Memory System (Two-Tier)

Daily logs (workspace/memory/YYYY-MM-DD.md): append-only notes via remember tool
Long-term memory (workspace/MEMORY.md): curated summary distilled by heartbeat
Heartbeat: cron every 30 min — checks if enough content accumulated, then distills

Context Injection

Workspace files injected into system prompt at every turn:

workspace/SOUL.md — agent personality + behavioral guidelines
workspace/USER.md — user info (name, timezone, preferences)
workspace/MEMORY.md — curated long-term memory

Context Compaction

Token estimation: chars/4 heuristic
Threshold: 80% of configured max (150K default)
LLM summarization: old messages summarized into checkpoint (goals, progress, decisions, next steps)
Recent messages preserved: ~20K tokens verbatim
Persisted: compacted session replaces JSONL file

Context Pruning (per-turn)

Two-tier:

Soft trim: tool results over 4K chars → head+tail trim (first 1,500 + last 1,500 chars)
Hard clear: total old tool content over 50K chars → replace entirely with placeholder

Channel Adapters

Telegram: fully automated setup (bot token only)
Slack: Slack app + Event Subscriptions configuration

Each channel implements ChannelHandler interface (sendReply, acknowledge, setup).

Prompts

Utah (Inngest) — Prompts

Prompt Architecture

System prompt assembled from workspace markdown files at every turn:

workspace/SOUL.md — agent personality + behavioral guidelines
workspace/USER.md — user info
workspace/MEMORY.md — long-term memory

Plus budget warnings when iterations are running low.

Verbatim Excerpt 1 — Agent Loop Docstring (agent-loop.ts)

/**
 * Agent Loop — the core think → act → observe cycle, powered by pi-ai.
 *
 * Each iteration:
 * 1. Call the LLM via pi-ai's complete() with conversation history + tools
 * 2. If the LLM wants tools, validate args with pi-ai and execute as Inngest steps
 * 3. Feed results back into the conversation
 * 4. Repeat until the LLM responds with text (no tools) or max iterations
 *
 * Every LLM call and tool execution is an Inngest step —
 * giving you durability, retries, and observability for free.
 *
 * pi-ai differences from raw Anthropic API:
 * - Unified Message/Tool types that work across providers
 * - TypeBox schemas for tool parameters (validated at runtime)
 * - Content blocks use "toolCall" / "toolResult" instead of "tool_use" / "tool_result"
 */

Technique: The agent loop is itself structured as a documented behavioral contract — the docstring specifies exactly what the loop does, what the provider abstraction changes, and what Inngest adds.
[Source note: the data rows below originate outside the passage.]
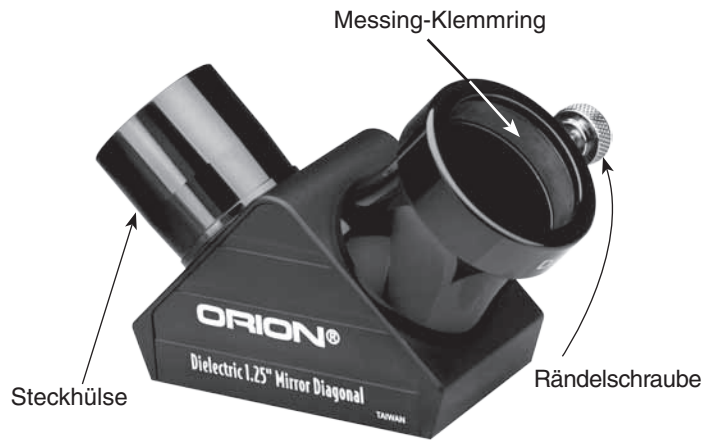
Der Orion 1,25-Zoll-Zenitspiegel mit hohem Reflexionsgrad

Außergewöhnliche optische Produkte für Endverbraucher seit 1975
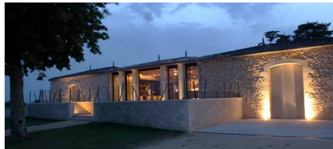
La salle de dégustation et les chais

En 2010, Pauline Chandon-Moët et sa famille ont apporté à la propriété d'importants investissements qui ont permis de moderniser les bâtiments d'exploitation. Ces bâtiments ont été repensés et recréés dans un esprit et une fonctionnalité contemporaine et réalisés par l'architecte Guy Troprès. Avec notamment :
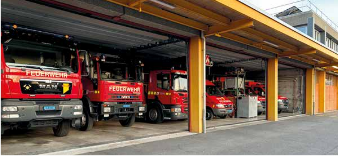
Mit der Erweiterung des Feuerwehrstützpunktes wird dringend benötigter Platz für die Einsatzfahrzeuge realisiert.
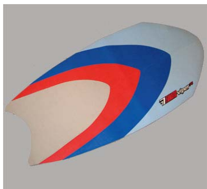
Deck Pad Complete #16397

Fanatic Viper 2004, ca 175x80x0,3cm, nicht selbstklebend
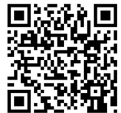
QR-Code Meine Umwelt-App

Die Landesanstalt für Bienenkunde der Universität Hohenheim prüft die eingehenden Meldungen und gibt bei Nestfunden den Meldenden weitere Instruktionen und unterstützt bei der Vermittlung von sachkundigen Personen für die Nestentfernung. Für die Beseitigung von Primärnestern im Frühjahr hat das Ministerium für Ernährung, Ländlichen Raum und Verbraucherschutz (MLR) Finanzmittel zur Verfügung gestellt, welche durch den Landesverband Badischer Imker e.V. verwaltet werden. So können pro Entfernung eines Primärnestes durch eine sachkundige Person 60 Euro auf Nachweis ausgezahlt werden. Nester mit Arbeiterinnen sollten ausschließlich von sachkundigen Personen mit Schutzausrüstung entfernt werden, da eine Stichgefahr droht!
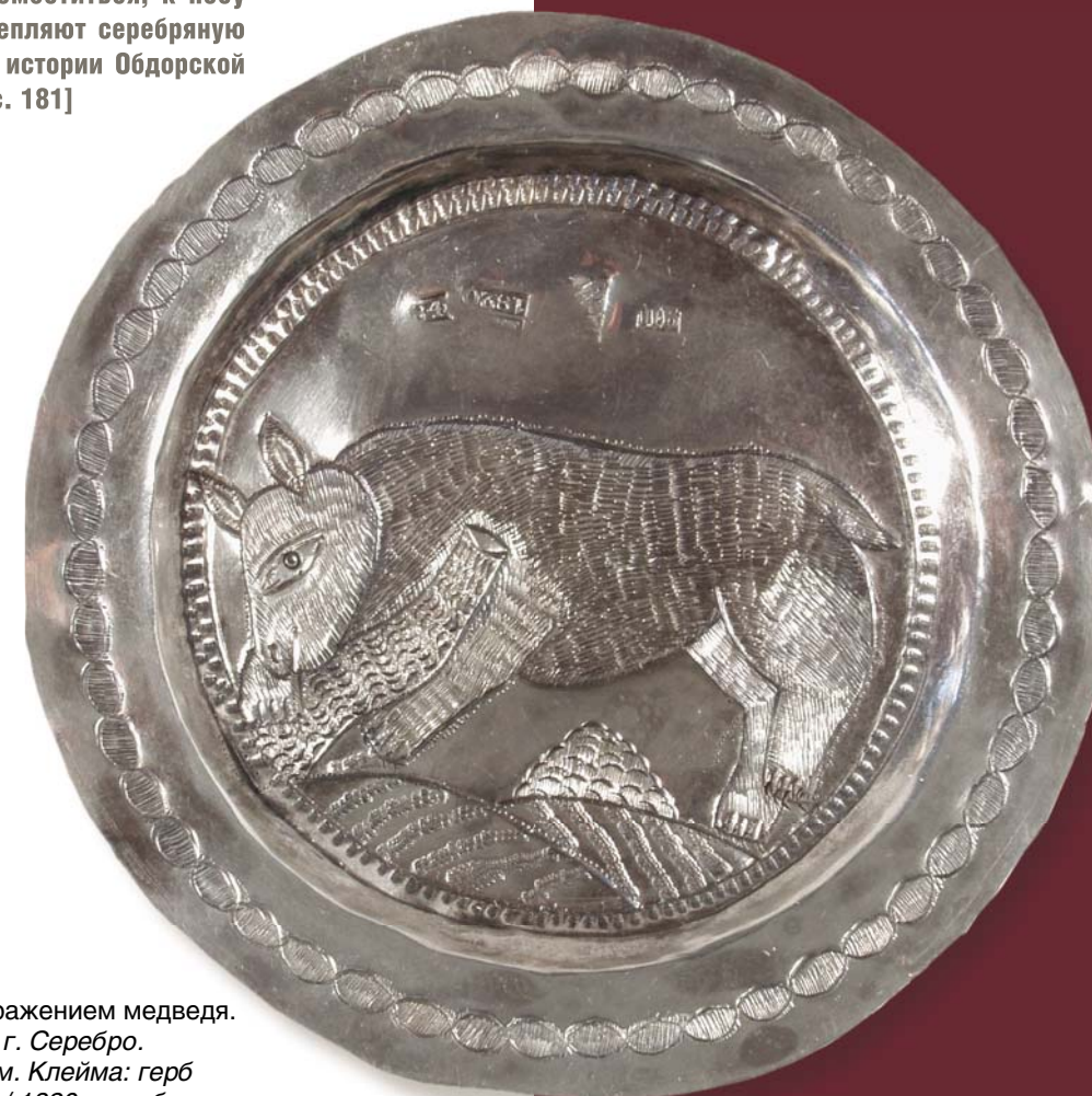
Блюдец с изображением медведя. Тобольск, 1820 г. Серебро. Диаметр 10,4 см. Клейма: герб Тобольска; М... / 1820 – пробирера М. Богданова; П-Б; 84 проба. Музей ИАЭТ СО РАН

В рапорте священника И. Голошубина от 6 июля 1891 г. описан обряд при добыче медведя: «Содранную с него шкуру кладут на стол в переднем углу, расправляют у него ноги и голову; на каждый из когтей надевают столько колец, сколько их может поместиться; к носу медведя прикрепляют серебряную тарелку...» [Из истории Обдорской миссии, 2004, с. 181]

This is architecture-as-documentation pattern.

Verbatim Excerpt 2 — Context Pruning Constants

const PRUNING = {
  keepLastAssistantTurns: 3,
  softTrim: {
    maxChars: 4000,
    headChars: 1500,
    tailChars: 1500,
  },
  hardClear: {
    threshold: 50_000,
    placeholder: "[Tool result cleared — old context]",
  },
} as const;

Technique: Explicit numeric constants for context management — not a prompt engineering technique per se, but the [Tool result cleared — old context] placeholder string IS a model-facing prompt: it tells the LLM that historical tool content was removed and why, preventing the model from being confused by the gap.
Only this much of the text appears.